Augusto se interrumpe, bruscamente, molesto por haber hablado más de la cuenta. Pero yo insisto:
-He dicho, en alguna oportunidad, que el auténtico escritor es dueño se su primera palabra, socio de la segunda y esclavo de todas las demás. Con el pintor sucede lo mismo, y, sin embargo, todo gran artista pinta de acuerdo a una teoría del arte -más o menos clara, más o menos consciente-, y en sus obras se revelan, con mayor o menor evidencia, sus conceptos sobre la pintura. Cézanne, conservado una paleta impresionista, sale del impresionismo y lo supera, no porque su pintura se lo imponga, sin que él se entere, sino porque tiene otras ideas. En sus obras más representativas hay, implícita, una nueva concepción estética, que abre el camino del arte moderno. Esto no lo puedes negar, porque tú también pintas de acuerdo a una teoría de la pintura.
Augusto me responde:
-Tienes razón pero sólo hasta donde la razón puede llegar, cuando se trata de la creación artística… Una teoría puede ser común a varios pintores, y, con idénticas ideas, es posible pintar cuadros buenos y cuadros malos. Los impresionistas se parecen porque pertenecían a una misma escuela teórica; y lo mismo podría decirse de los cubistas y de los neoplasticistas. Sin embargo, un Monet sólo pertenece a Monet, y es distinto a un Renoir o un Sisley, aunque todos hayan pintado desde un mismo concepto de la pintura. Yo parto de una teoría, es cierto, que me induce a pintar de cierta manera, pero no es esa teoría lo que me ha hecho pintar bien, si es que alguna vez lo he conseguido. El problema está en saber cuándo es que una teoría no favorece, y cuándo se convierte en un obstáculo. Creo que, en el momento de pintar, debes irte olvidando de las ideas previas que te llevaron a hacerlo, hasta que llega un momento en que hay que dejar al cuadro la decisión de ser lo que quiere ser… Es algo similar a lo que muchas veces ocurre cuando miras una buena pintura: si te afanas en comprenderla, en descubrir su secreto, la obra parece cerrarse y no te deja ver lo que en ella verdaderamente vale. Pero, de pronto, cuando, cansado y derrotado, la abandonas, y, vuelves a mirarla, distraídamente, sin querer encontrar nada, la obra se apodera de ti y te revela su verdad escondida. Esto sucede así, porque, en ese momento de distracción y de derrota, es la obra que manda y no tú.
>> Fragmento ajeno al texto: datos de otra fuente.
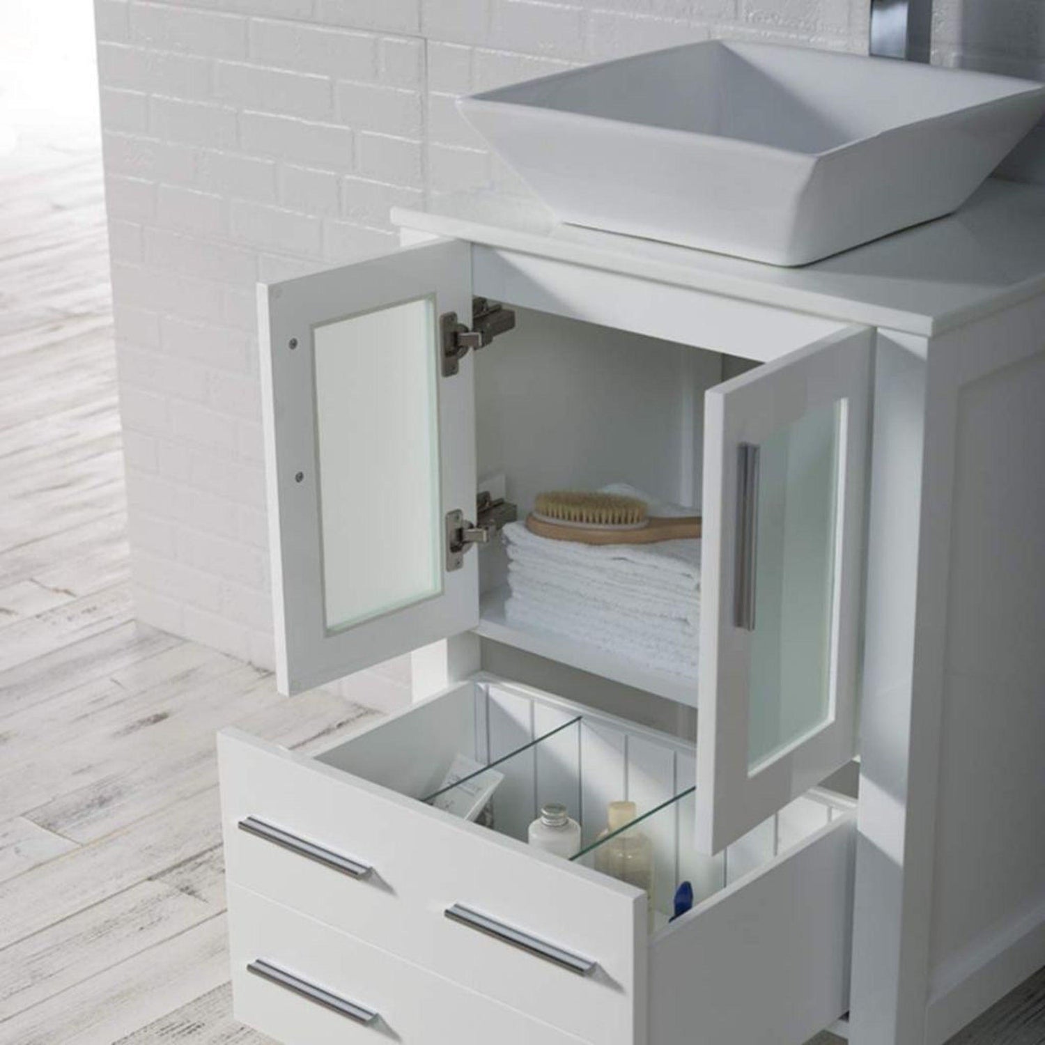 Blossom Sydney 24" White Freestanding Vanity Set With Ceramic Vessel Single Sink and Mirror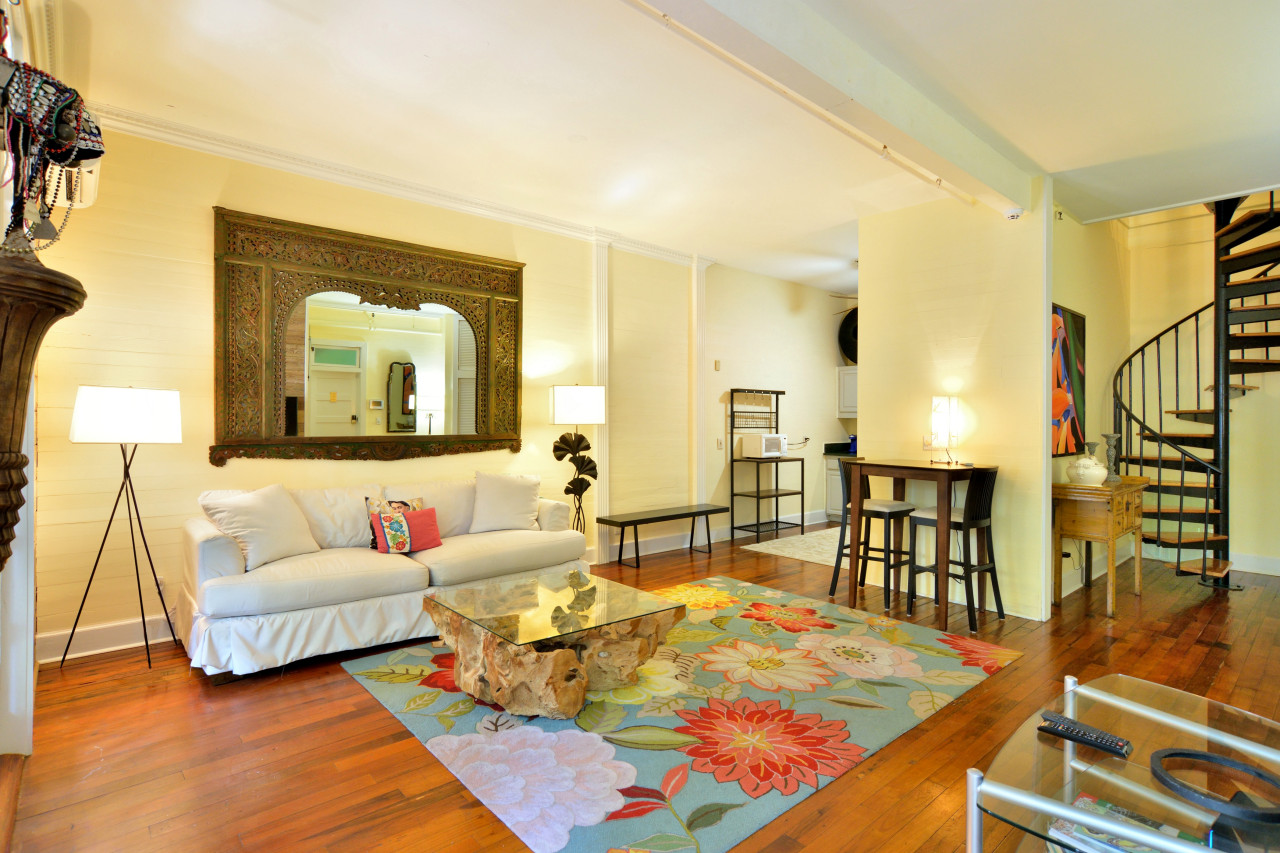 The condo spans two stories and can be accessed from both levels-via the main entrance on the ground floor or through the 2nd-floor atrium stairwell. A stylish spiral staircase also connects both floors internally, adding to the eclectic character.
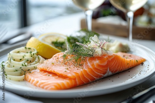 Fresh raw salmon fillet garnished with herbs and accompanied by lemon wedge and sliced onions on a white plate with a blurred background of wine glasses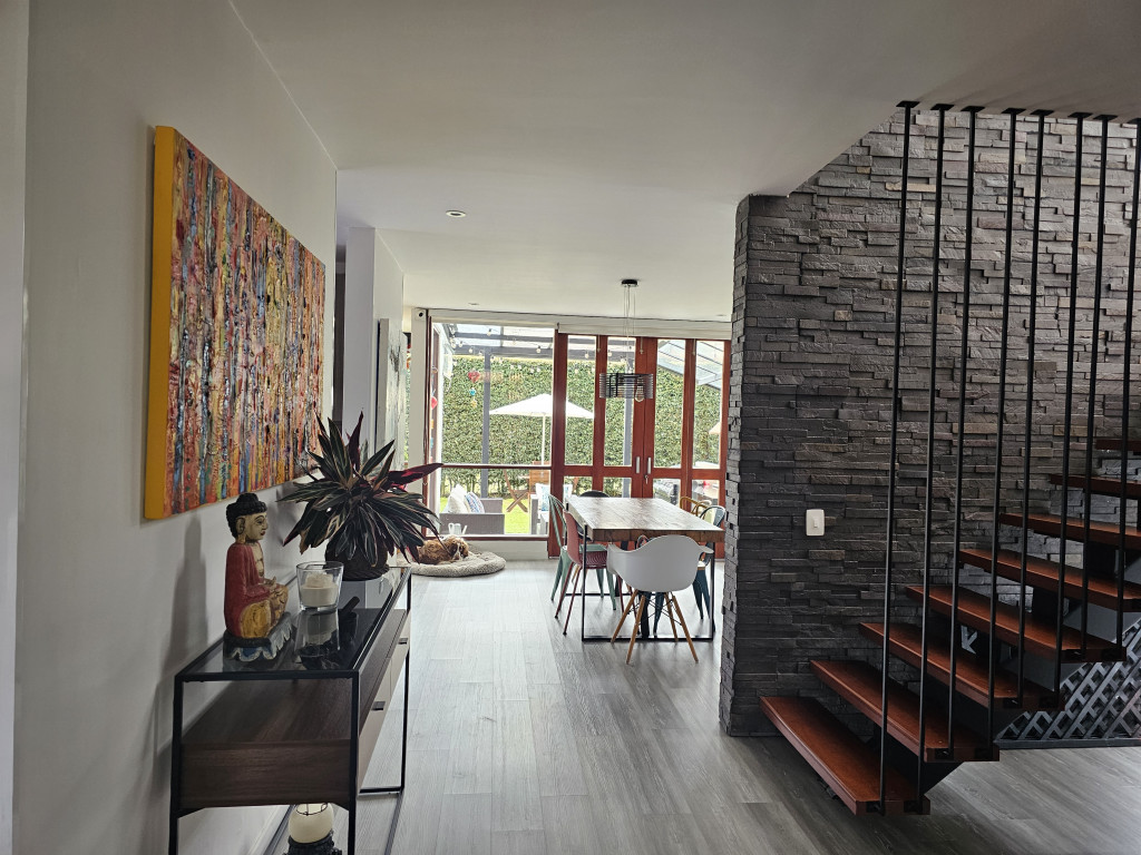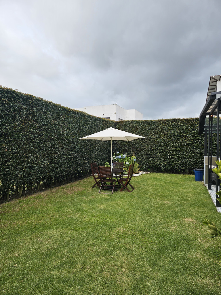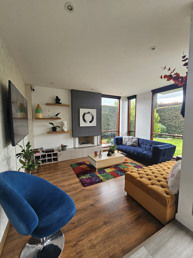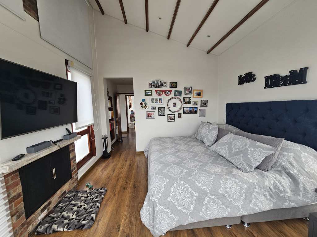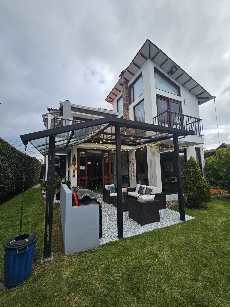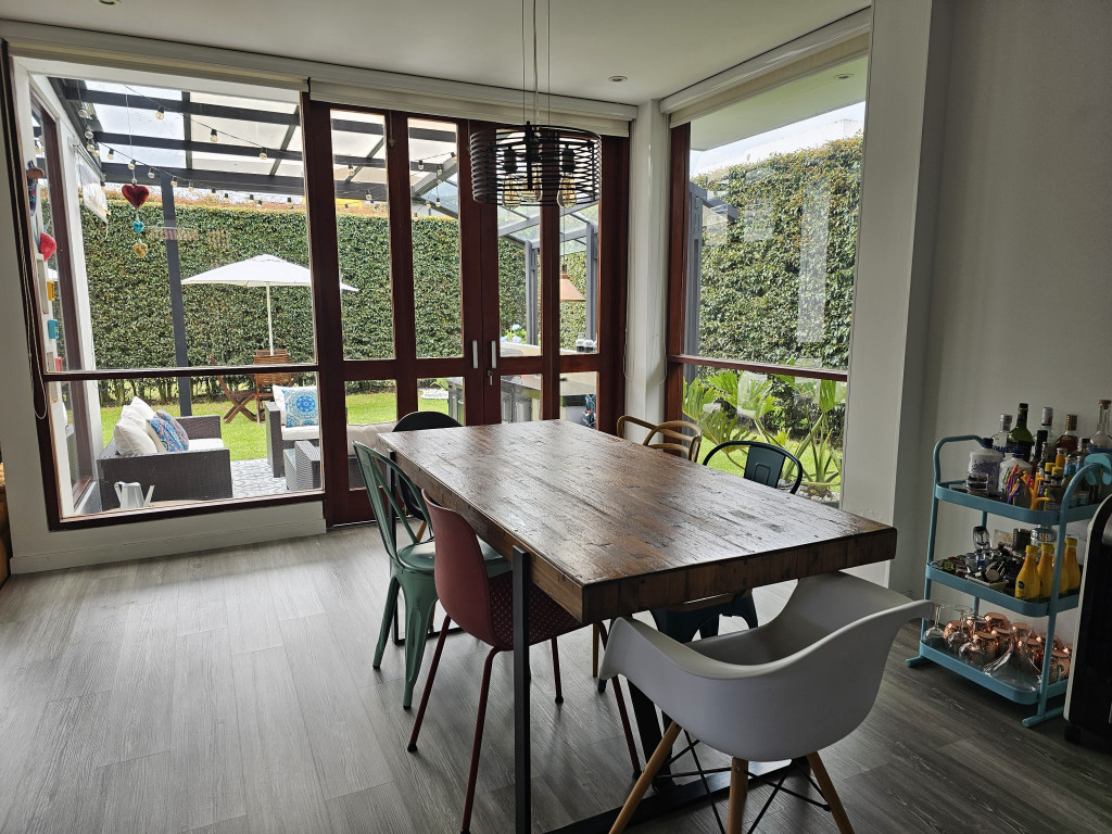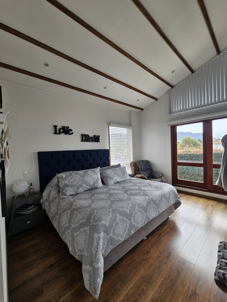 NO COMISIONISTAS - Espectacular casa de dos plantas en condominio campestre y sobre un lote independiente de 400M2. Ofrece un moderno diseño, magnifica distribución de espacios, iluminación natural y en buen estado. Cuenta con la sala con chimenea, el comedor con salida a una zona BBQ cubierta con pérgola, amplio patio trasero con zona verde, cocina semi abierta con barra, zona de ropas independiente, baño social, estudio, tres habitaciones cada una con balcón, techos altos y con su baño, la principal cuenta con chimenea, jacuzzi, deposito y salida a una terraza con agradable vista. Tiene tres parqueaderos. El sector es campestre y seguro, de fácil acceso a la variante Cajicá - Zipaquirá. El valor ya incluye la administración.

-Si no la hubieras buscado, no la habrías encontrado, cuando no la buscabas -le respondo. -La famosa frase de Picasso, “yo no busco, encuentro”, no es más que un buen chiste. Los eternamente distraídos no encuentran nada, y, si por casualidad, algo encuentran, no se enteran. El viejo Heráclito, el Oscuro, decía, con penetrante claridad: “Sólo si esperas, te sobrevendrá lo inesperado”.
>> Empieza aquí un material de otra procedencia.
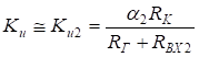 Коэффициент усиления каскодной схемы, считая коэффициент передачи каскада ОК близким к единице,описывается выражением: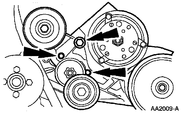 6. Remove the bolts from the A/C compressor mounting bracket.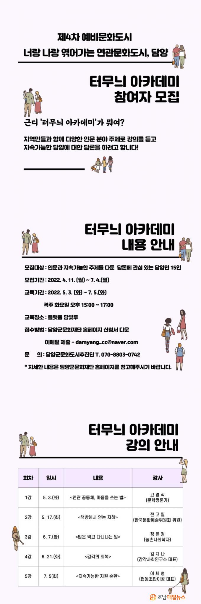 5¿ù 3ÀϺÎÅÍ 7¿ù 5ÀϱîÁö °ÝÁÖ È¿äÀÏ ¿ÀÈÄ 3½Ã~5½Ã¿¡ ÁøÇàµÇ´Â Å͹«´Ì ¾ÆÄ«µ¥¹Ì´Â Áö¿ª°ú ¹®È¿¡ °ü½É ÀÖ´Â ´ã¾ç±º¹ÎÀÌ¸é ´©±¸³ª Âü¿©°¡ °¡´ÉÇÏ´Ù.Á¢¼ö´Â 4¿ù 11ÀϺÎÅÍ 7¿ù 4ÀϱîÁö »ó½Ã °¡´ÉÇÏ¸ç ´ã¾ç±º¹®ÈÀç´Ü »ç¾÷ °ø°í¶õÀ» Âü°íÇØ À̸ÞÀÏ(damyang_cc@naver.com)À¸·Î ½ÅûÇÏ¸é µÈ´Ù.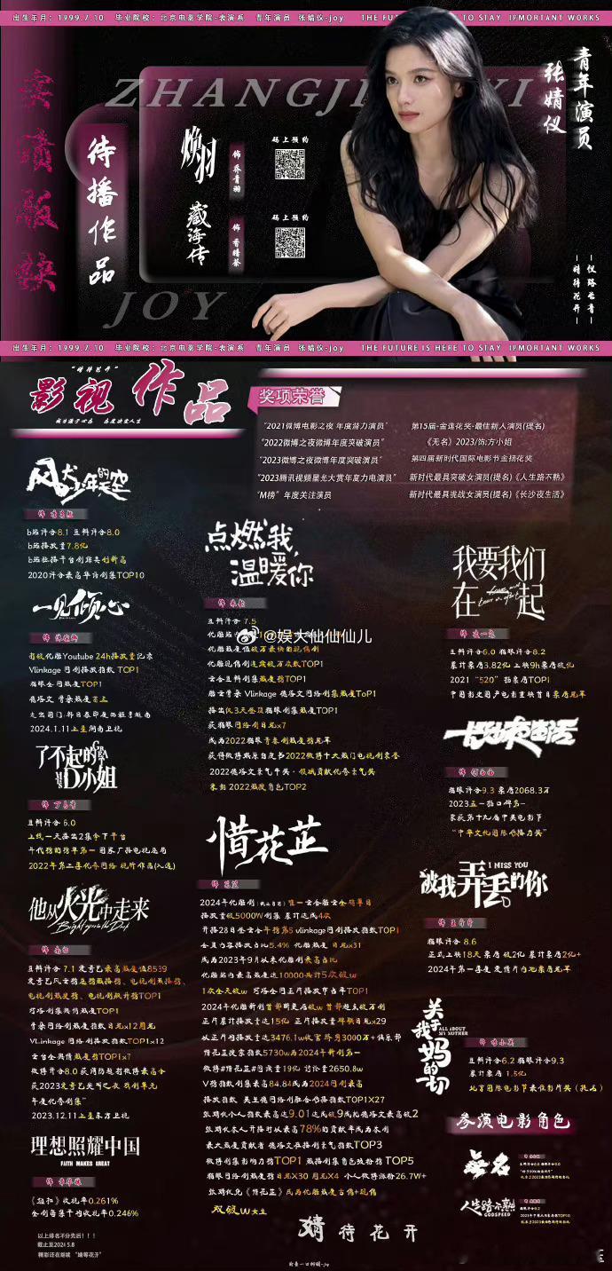 虞书欣、赵露思、张婧仪、周也几位95花实绩图盘点 你们觉得谁是实至名归的top?

-No me hagas decir lo que no he querido decir -dice Augusto, sin enfado, aunque conoce mis aviesas intenciones. -Por supuesto que hay que buscar. Pero debemos ser humildes en la búsqueda, actuar sin soberbia, tanto para mirar un cuadro como para pintarlo. Yo, cuando pinto, no busco ser yo, sino, ante todo, realizar una estructura. El que siempre quiere ser él, lo consigue, pero lo que no consigue es la pintura. Para llegar a pintar bien hay que aprender de los grandes maestros, cuyas obras, aunque fueron pintadas en el pasado, están presentes y son siempre actuales, porque en ellas se manifiesta la esencia de la pintura, que nunca envejece. Esta es la búsqueda más fructífera y la mejor escuela, siempre que no queramos repetir, pasivamente, lo exterior de una pintura de otro tiempo, sino lo que está en el fondo de los más distintos estilos. Cuando encuentro un trozo de pintura (casi nunca es una obra entera) que contesta a las preguntas que, como pintor, me planteo, lo estudio detenidamente, pienso en él, sueño con él, hasta que se convierte en algo mío, que se integra, transformado, a mi propia pintura. Los que no deben nada a nadie son los “pintores de domingo”, que están condenado a la pequeñez de ser siempre ellos mismos… Picasso decía que, al empezar a pintare, copiaba a los pintores que más admiraba, para tener su colección particular de grandes maestros. Después, gracias a ellos, se sentía capaz de hacer otra cosa.